That is excellent advice JonandGaynor
Dogs are very adaptable if given time.


----------



## David_&_Letitia (Jul 8, 2012)

Good advice indeed.

Our Bonnie was a rescue dog which had been abandoned in a derelict building in Belfast. She really doesn't like being left alone because of her previous experiences and she is like Letitia's shadow when she is here, mine when Letitia is away and anyone's when being looked after by anyone else! Our IATA approved crate for air travel could be split in half for ease of carriage when not being used, so we used the bottom half as her bed for the weeks leading up to our journey with all her own bedding lining it. Before travel, Letitia wore a T shirt for a couple of days and left it in the carrier so that Bonnie could console herself with Letitia's scent during the journey.


----------



## Veronica (Apr 5, 2008)

our dog was a rescue and whenever we left him he chewed anything he could find as he was upset at being 'abandoned' We got a cage for him which we put his bed in and it became his 'safe haven' and when we went out we shut him in. Eventually we would leave it open and he still went into it at night of his own accord but soon decided he didn't need that safe haven anymore and stopped going into it. 
Getting your dog used to a travelling crate over a period of a few months, then leaving him for short periods which gradually become longer is the only way to get him over his separation anxiety.
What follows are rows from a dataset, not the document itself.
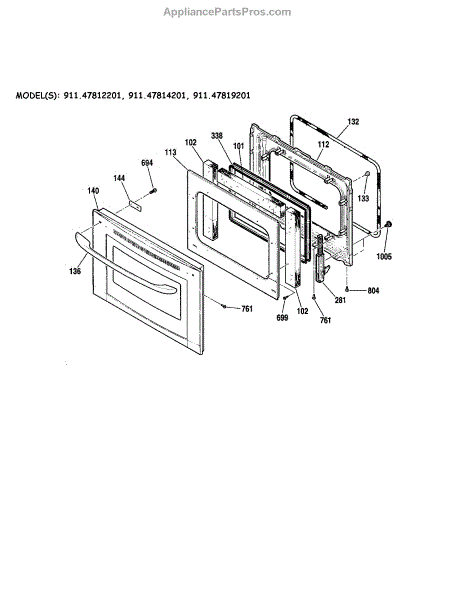 Replace cracked, broken, or shattered oven door window glass. This assembly includes the glass pane and securing brackets that install inside your range door.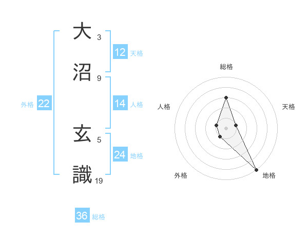大沼 玄識さんの地格は24画の5点!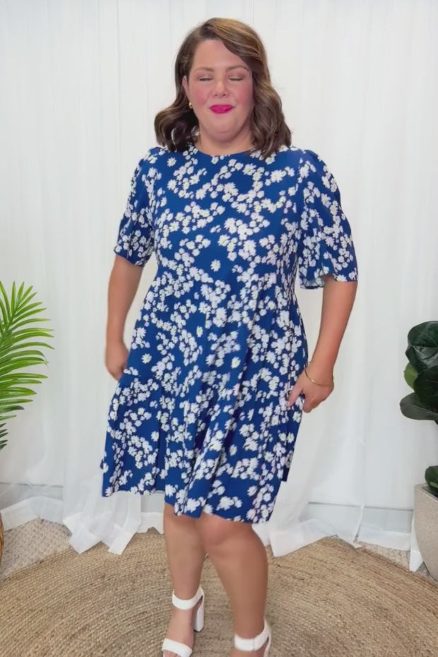 Brighten up your day with this Izzie Dress in our cheerful Blue Petal Whimsy Print. Light, breezy, and effortless Summer Dress—perfect for picnics, brunch, or sunny strolls.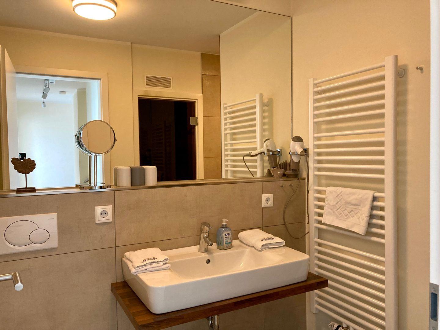Zwei komfortable Bäder sowie Gäste-WC bieten genügend Ausweichmöglichkeiten.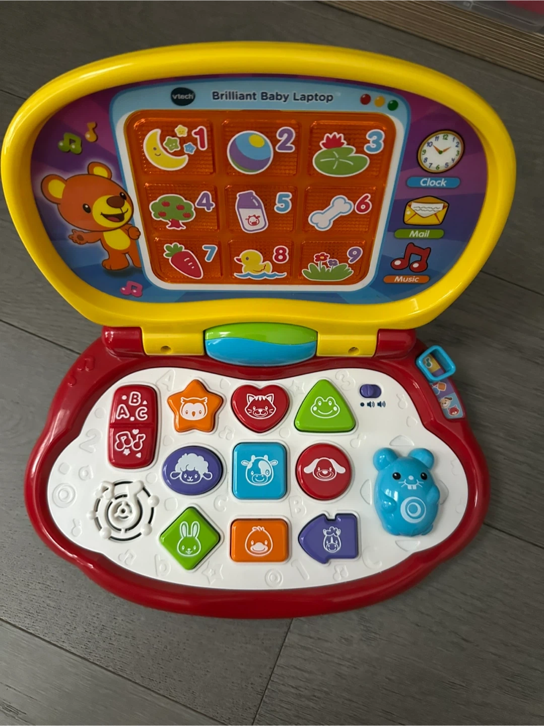 This VTech Brilliant Baby Laptop is a fun educational toy for little ones. It has buttons with letters, numbers, and animal sounds. It also features a clock and mail function.

If you do it properly by the time you are ready t o relocate to Cyprus he should be fine.


----------



## Worldwanderer (Feb 10, 2016)

Hi I completely understand your anxiety, I have flown with various animals from dogs-horses. However I agree with the previous advise,
You need to get your dog used to his crate as a safe haven. I have done this with
All my dogs, and trust me I have had some seriously insecure dogs! However there is hope, Dogs are not humans, we don't completely understand them, and they don't think like us or even understand a time scale where we may have disappeared for a few hours or days.. A flight is just the same, yes they can be very nervous (you tube has private videos of dogs that have been filmed from within their crate) but they seem to in my experience just settle down sleep and when they arrive at their destination near the luggage claim they are so ecstatic that all
Previous traumas are forgotten and they make lovely messes to tell you how happy they are to see you! It's often worse for the owners; we think through what they might feel, think and how they might be reacting.. Truth is we don't know !! Train your dog as with the previous great advise, every time I have had to get one of my dogs used to a crate I put their bed in their, feed them their chicken wings after a walk in the crate, take it in the car etc etc and exactly like was fore mentioned it becomes their safe haven .. Don't under estimate your dog, he can and will adjust. Separation anxiety is the same, with the right treatment they adjust! Don't despair I believe he will be fine, but I'm only taking from having done it myself with anxious dogs and hysterically dangerous stallions! Good luck!


----------



## GUAPACHICA (Jun 30, 2012)

Worldwanderer said:


> Hi I completely understand your anxiety, I have flown with various animals from dogs-horses. However I agree with the previous advise,
> You need to get your dog used to his crate as a safe haven. I have done this with
> All my dogs, and trust me I have had some seriously insecure dogs! However there is hope, Dogs are not humans, we don't completely understand them, and they don't think like us or even understand a time scale where we may have disappeared for a few hours or days.. A flight is just the same, yes they can be very nervous (you tube has private videos of dogs that have been filmed from within their crate) but they seem to in my experience just settle down sleep and when they arrive at their destination near the luggage claim they are so ecstatic that all
> Previous traumas are forgotten and they make lovely messes to tell you how happy they are to see you! It's often worse for the owners; we think through what they might feel, think and how they might be reacting.. Truth is we don't know !! Train your dog as with the previous great advise, every time I have had to get one of my dogs used to a crate I put their bed in their, feed them their chicken wings after a walk in the crate, take it in the car etc etc and exactly like was fore mentioned it becomes their safe haven .. Don't under estimate your dog, he can and will adjust. Separation anxiety is the same, with the right treatment they adjust! Don't despair I believe he will be fine, but I'm only taking from having done it myself with anxious dogs and hysterically dangerous stallions! Good luck!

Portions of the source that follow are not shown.